Technology vendors have taken notice. The industry is moving, with varying degrees of speed and conviction, away from point solutions toward what researchers in the Journal of Medical Internet Research describe as unified, integrated, and trial-specific digital platforms. These environments consolidate EDC, eCOA, eConsent, patient engagement, and regulatory document management into a single governed architecture, replacing the patchwork of logins and manual reconciliation with a single source of truth. The efficiency argument is not abstract: the same JMIR research notes that few commercial platforms are currently open to integrating third-party components, and that the absence of universal data standardization remains a limiting factor. The technology exists; adoption is the variable.
AI As Integration Engine
Artificial intelligence is emerging as a powerful accelerator of integration, particularly in the area of data quality and workflow automation. A 2025 study published in PubMed by researchers at the Welingkar Institute of Management and Amity University found that AI-driven automated validation, real-time monitoring, and anomaly detection significantly reduce errors across the trial process while improving regulatory compliance and transparency.

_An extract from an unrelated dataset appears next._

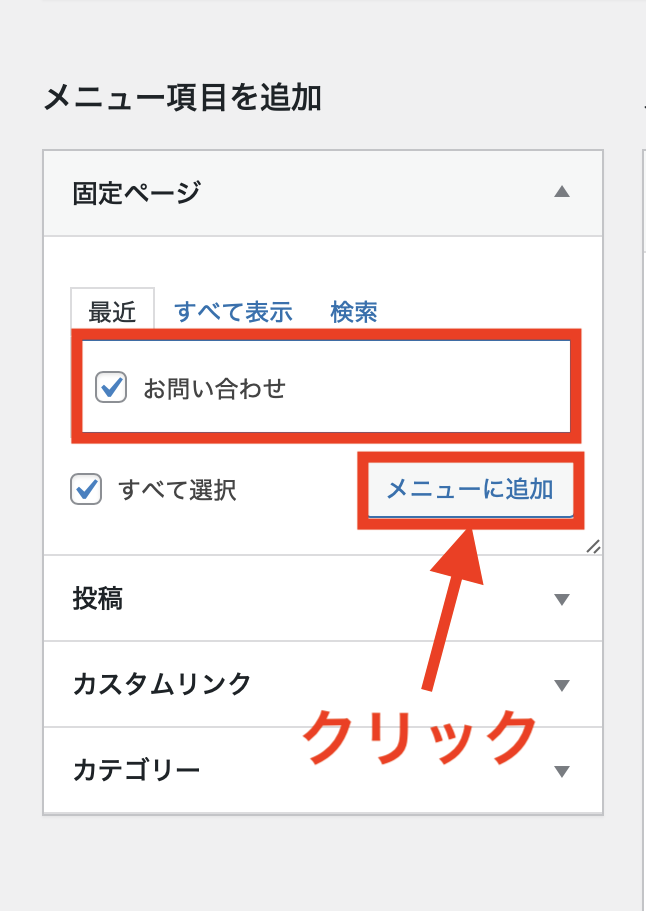 「お問い合わせ」にチェックを入れて、「メニューに追加」をクリックしましょう。

Many organizations are also adopting AI for data standardization, automating the normalization of terminology across therapeutic areas so that data collected in one system can be meaningfully compared with data collected in another, reducing one of the core frictions that makes sprawl so operationally costly.
Bring Your Own Technology
Looking immediately ahead, the concept gaining traction most rapidly is what the industry is calling Bring Your Own Technology. Developed through a collaboration between the Decentralized Trials and Research Alliance and site leaders from organizations including GSK and Mayo Clinic, BYOT inverts the traditional sponsor-imposed tools model.
According to Clinical Leader, instead of every sponsor layering a new system on top of whatever a site is already running, BYOT allows sites to use their own validated eClinical systems, with interoperability standards like CDISC ODM and FHIR maintaining the data visibility sponsors require. The practical effect is that a well-resourced academic medical center, for instance, no longer needs to train staff on a different technology stack for every incoming study. The number of logins drops; the quality of data entry improves; the burden on-site personnel decreases.
Applied Clinical Trials describes the broader shift as “platformization,” a transition in which traditional EDC and protocol management tools give way to dynamic, machine-readable living protocols and automated data capture. The vision is a trial environment that is not just digitized but genuinely self-integrating: one in which a protocol amendment propagates automatically through connected systems rather than requiring a cascade of manual updates across a dozen vendor portals.
None of this is without friction. Legacy systems resist replacement, smaller sites lack the resources to invest in new infrastructure, and cultural resistance to change runs deep in an industry accustomed to document-centric operations. But the direction of travel is clear. The sprawl did not accumulate overnight, and it will not be resolved overnight either. What is different now is that the technical vocabulary for integration, the regulatory framework for digital data, and the platform architecture for consolidation are all converging at the same moment. The boiled frog has finally noticed the temperature.